Audio helpers
WAV encode / decode and MIME parsing utilities.
The adapter exports the three audio helpers it uses internally. They're stable exports — safe to reuse if you're building custom pipelines or writing tests.
import {
framesToWav,
parseWav,
pcmSampleRateFromContentType,
} from '@spekoai/adapter-livekit';framesToWav
function framesToWav(buffer: AudioBuffer): Uint8Array;Encode one or more LiveKit AudioFrames (or an array) into a PCM16 mono WAV byte stream. Used by SpekoSTT to wrap each utterance before uploading to /v1/transcribe.
- Combines frames via
combineAudioFramesfrom@livekit/rtc-node. - Writes a standard 44-byte RIFF/WAVE header:
fmtchunk (PCM, 16-bit, mono,sampleRatefrom frames) +datachunk. - Sample rate is pulled from the input frames — whatever LiveKit gives you is what's encoded.
Mono-only. A multi-channel AudioBuffer throws:
SpekoSTT: expected mono audio (1 channel), got 2. Configure your LiveKit AgentSession to pass mono audio or pre-mix upstream of the STT.parseWav
function parseWav(bytes: Uint8Array): {
pcm: Uint8Array;
sampleRate: number;
channels: number;
};Minimal PCM16 WAV parser. Used by SpekoTTS to unwrap WAV-encoded proxy responses into raw samples for AudioByteStream.
Accepted subset:
- Valid
RIFF/WAVEheader. fmtchunk present and offormat = 1(PCM).- 16-bit samples.

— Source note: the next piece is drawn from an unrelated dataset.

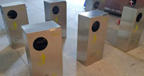 這是欣方圳為廣州高校生產(chǎn)的C383-2不銹鋼單面投放分類垃圾桶,尺寸規(guī)格為1000*400*1000mm,采用足1.0厚304#優(yōu)質(zhì)不銹鋼材料焊接成型,中間橫梁起到滅煙功能和做煙灰...

datachunk reachable by walking subsequent chunks (tolerates e.g.LISTchunks betweenfmtanddata).
Anything outside this subset throws a descriptive error. channels is returned as-is — the caller is responsible for deciding whether stereo is acceptable. SpekoTTS currently throws on stereo.
pcmSampleRateFromContentType
function pcmSampleRateFromContentType(
contentType: string,
fallback: number,
): number;Parse the rate parameter out of a Cartesia-style content type:
pcmSampleRateFromContentType('audio/pcm;rate=24000', 16_000); // 24000
pcmSampleRateFromContentType('audio/pcm', 16_000); // 16000
pcmSampleRateFromContentType('audio/pcm;rate=abc', 16_000); // 16000Falls back when the rate is missing, zero, or unparseable. Case-insensitive on rate=.
Intended usage
You shouldn't need these helpers when consuming the adapter through createSpekoComponents — they're used internally by SpekoSTT and SpekoTTS. They're exported for:
- Unit tests — build canned WAV fixtures with
framesToWav, round-trip them throughparseWav. - Custom STT / TTS pipelines that need to reuse the same WAV framing Speko uses.
- Debugging — decode what an upstream provider returned without instantiating a full TTS.